Я немного промолчал. Затем раскрыл крылья, подымаясь и вернул себе вид местного крокодила. Зеленого.
− Знаете, что будет, если вы расскажете обо мне начальству?
− Что? − спросил лектор.
− Наиболее вероятно, вас отправят в психбольницу.
− Почему это? − возмутился зеленый.
− Потому что я здесь несколько лет живу и не намерен выставлять себя напоказ. Но вы меня немного убедили, что и вправду хотите считать всех разумных равными.
− Но, если вы прилетели к нам, вы должны раскрыться! Это же событие мирового масштаба!
− Понимаете ли, я маленький, а планета у вас слишком большая, меня раздавит. Не нужны никакие масштабы. Корабль мой сбили. Меня обстреляли, когда я первый раз появился. Ваши обстреляли, у тех за одно слово "самолет" в шпионы записывают.
− Самолеты есть не только у нас.
− У вас здесь есть колония инопланетян? − удивился я.
− Не... − Зеленый запнулся.
− Значит, ваши обстреляли. Больше некому.
− Но я же сказал, это была ошибка.
− Ошибки надо исправлять. Для вас единственная возможность доказать, что вы не лжете − дать мне возможность спокойно и свободно жить и так, чтобы никто не вмешивался в мои дела.
− Сейчас это невозможно. Идет война.
− Я плохо понимаю это слово, − соврал я. − Не знаю, что такое "война".

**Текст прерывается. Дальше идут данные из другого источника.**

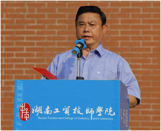 院长陈洪星发表了热情洋溢的讲话,对新入职的老师和2019级新同学表示热烈的欢迎和衷心的祝贺。他指出,今年10月1日是中华人民共和国成立70周年纪念日,这是全中国人民都不能忘怀的一个时间节点,做一个爱国爱家堂堂正正的中国人是极其平常而又非常光荣的。尊重国旗、国徽是爱国,爱身边的人和物是爱国,出色完成本职工作是爱国,努力学习、不断进步也是爱国。他特别希望全院师生在爱国主义的旗帜下,踏着祖国前进的步伐,弘扬专注踏实、精益求精、创造创新的“工匠精神”,肩负起“技能报国”的伟大责任,做“中国制造2025”宏伟目标的扛鼎者。
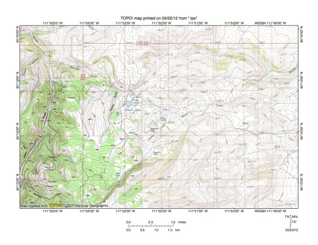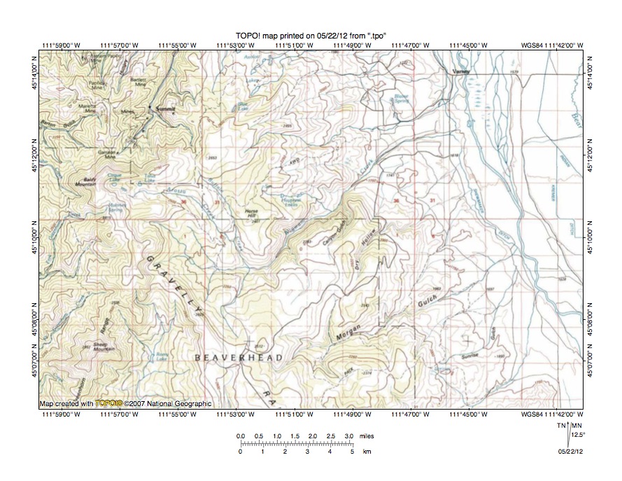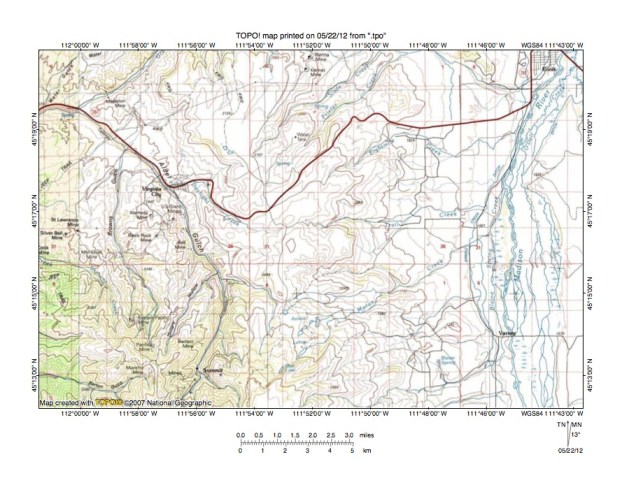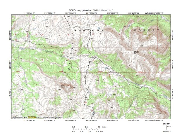 Figure 5: Alder Gulch-Moran Creek drainage divide area. United States Geological Survey map digitally presented using National Geographic Society TOPO software.
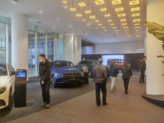 11月20日9點至11點,朝陽區京順路門店內有六七波顧客在看奔馳的傳統燃油車型,但沒有一位顧客在看奔馳的電動車。

− Вы же здесь жили несколько лет!
− Да, жил. На цепочке у одного хозяина. Понимаете ли, первым я увидел зеленого крокодила и стал зеленым. Потом только коричневым, да и будучи коричневым, попал в психдом. Они меня не поняли. А когда началась эта самая ваша "война", мне сунули в лапы оружие и послали убивать непонятно кого и непонятно за что.
− Значит, вы были на фронте?
− Был. В двух боях участвовал. Во втором меня взяли в плен, хотели пристрелить на месте − не сумели.
− Откуда тогда вы знаете, что они хотели? − спросил командир вооруженной группы.
− Они это обсуждали. Я ваш язык немного знаю тоже. Знаете, весело так обсуждали. Говорят, "ну, что, пристрелим братца или пусть живет?" Им повезло, решили не стрелять.
− А если бы выстрелили?
− Пули глупые. Они всегда мимо меня мажут. А некоторые особо злые от дурости на сто восемдесят градусов разворачиваются...
Машина затормозила. Рядом оказалось несколько зеленых солдат, и вся группа выбралась наружу. Меня проводили через базу.
− Что вы намереваетесь делать сейчас? − спросил лектор, останавливаясь.
− Могу изобразить вашего раба. Цвет поменять − секундное дело.
− В нашей стране рабство отменено тысячу лет назад.
− Тогда, что вы предлагаете?
− Вы же сказали, что желаете быть свободным.
− Да, но вы отказали.
− Когда это я отказал?!
− Не согласились, значит − отказали. Иного не дано.
− Ничего подобного. Свободу у вас никто из нас не отбирал.
− То есть если я сейчас уйду, то меня на улице не схватят и не отправят на фронт? Не станут пытать, объявлять шпионом из-за того, что у меня нет бумажек и язык я ваш знаю хреново?.. Странное у вас равенство.
− Сейчас идет война.
− Вы же знаете, кто я и каким образом эта ваша война меня касается?
− Идите за мной, − произнес он, и я не возразил.
Начальству своему они все рассказали. И меня представили. Я долго молчал, слушая вопросы, затем стал чесать шею и начальник умолк, увидев на ней жирный след от ошейника. Ошейника, разумеется, не было.
− Он вообще понимает, что я его спрашиваю? − обратился начальник к лектору.
− Он все понимает. Но не хочет отвечать.
− Почему?
− Он не хочет, чтобы о нем знали.
− Почему?
Ответ повис в воздухе, и я взглянул зеленому ящеру прямо в глаза.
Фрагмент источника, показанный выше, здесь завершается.